Na verdade, o tema religioso serve de pano de fundo para tratar de assuntos relevantes para o poeta psicólogo: a busca de si mesmo, o choque do Estado e da sociedade burguesa (cidadania x individualismo) e o próprio teatro (a arte).

A peça começa já de maneira inusitada: o próprio Dioniso - deus do teatro - encarnado em forma humana, é quem diz o prólogo, apresentando-se como Deus nato a todos os tebanos, exigindo-lhes que o reconheçam como tal. É ele também que apresenta e preside o coro das bacantes, composto por estrangeiras vindas da Lídia. Temos aqui duas inversões em relação às tragédias clássicas: o deus está ao lado do coro - e não do herói trágico -, que não é formado por cidadãos tebanos e, portanto, não representa a pólis, mas sim o povo, com sua multiplicidade anônima e ao mesmo tempo sua individualidade existencial.

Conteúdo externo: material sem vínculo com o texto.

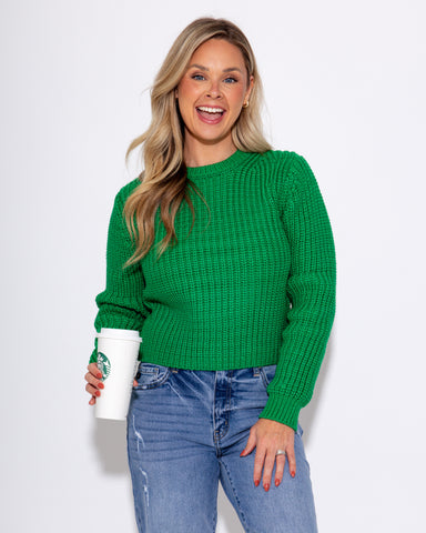 This comfy green ribbed sweater features a round neckline, ribbed texture, and long sleeves. With its easy pull over design, it's perfect for chill...

Ao levar seus seguidores para fora da cidade, Dioniso exige a negação ao Estado, instituindo um novo culto: “Para onde conduzem os coros, ó Dioniso portador do tirso? Para Nisa, berço das feras? Para os píncaros da Corícia? Acaso para os frondosos tálamos do Olimpo? Piéria ditosa, a que Évio honras confere!” (As Bacantes, 556-561). Dioniso nos leva a um culto da vida, a uma busca do autoconhecimento: “Ó feliz, bem-aventurado aquele que, conhecendo os mistérios divinos sua vida santifica, sua alma enfervesce, pelos montes dançando com Baco, purificado com os ritos místicos” (72-75).

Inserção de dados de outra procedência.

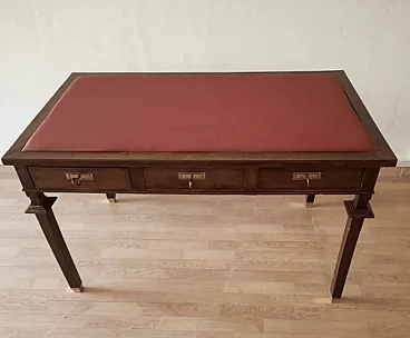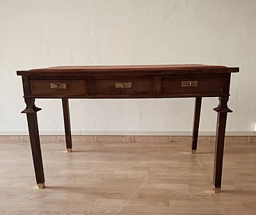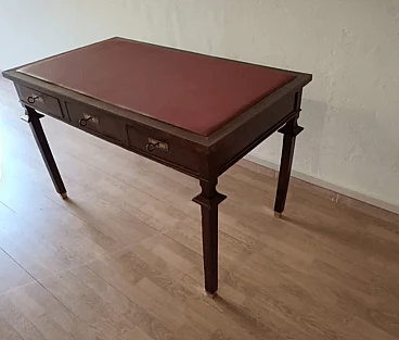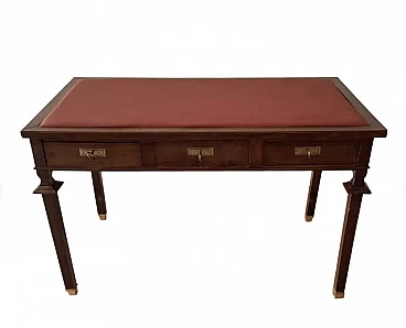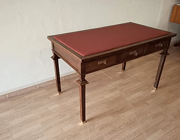 Scrivania in noce in stile Impero con piano in simil pelle, anni '20

Em seu empreendimento, Dioniso, deus da vida, encontra obstáculo em Penteu, rei de Tebas, representação máxima do Estado, que o acusa de charlatanismo e de tentar corromper os cidadãos, decretando sua prisão.  Reconhecemos nos diálogos entre esses personagens -  e nos discursos da peça - a retórica que Eurípides usa para “encaminhar a linguagem poética da tragédia para a linguagem da vida ordinária, procurando defender o direito do ponto de vista subjetivo do acusado, por todos os processos de persuasão” (W. Jaeger). Ao final da tragédia, Penteu é logrado por Dioniso, que o conduz às bacantes. Agave, a própria mãe do rei, principia o sacrifício em que ele é dilacerado pelas mulheres possessas. Penteu dilacerado representa a decadência do sistema das pólis, o espírito falido das cidades gregas.

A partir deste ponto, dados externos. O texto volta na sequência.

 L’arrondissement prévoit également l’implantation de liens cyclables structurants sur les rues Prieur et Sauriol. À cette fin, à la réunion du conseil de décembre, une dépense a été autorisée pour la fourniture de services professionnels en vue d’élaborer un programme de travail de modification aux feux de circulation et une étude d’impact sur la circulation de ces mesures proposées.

Encontramos na peça todos os elementos que influíram nos dramas de Eurípides: a filosofia, a retórica sofista, o naturalismo psicológico das personagens, a loucura ambígua (boa e má), o questionamento dos deuses  (Agave diz ao Deus: “Não convém aos deuses ter paixões de mortais”), o realismo burguês - com a predileção por personagens menos elevados (mais reais). Eurípides constrói metáforas da ruptura entre a vida pública, citadina e a vida privada, entre o herói elevado (mito) e o indivíduo comum (real). O triunfo de Baco é o triunfo da “vida abençoada” e o começo de uma nova era.

 

REFERÊNCIAS BIBLIOGRÁFICAS

Aristóteles. Poética. Tradução de Eudoro de Souza. São Paulo: Abril, 1973.

BOAL, Augusto. Teatro do Oprimido e Outras Poéticas Políticas. Rio de Janeiro: Civilização Brasileira, 1991.

Eurípides. As Bacantes. Tradução de Eudoro de Souza. São Paulo: Abril, 1976.

Eurípides. Bacas, O Mito de Dioniso - Bakxai. Tradução de Jaa Torrano. Edição Bilíngüe, São Paulo: Hucitec, 1995.

HAUSER, Arnold. História Social da Literatura e da Arte v. I. São Paulo: Mestre Jou, 1972.

JAEGER, Werner. Paidéia - A Formação do Homem Grego. São Paulo: Ed. Herder, 1973.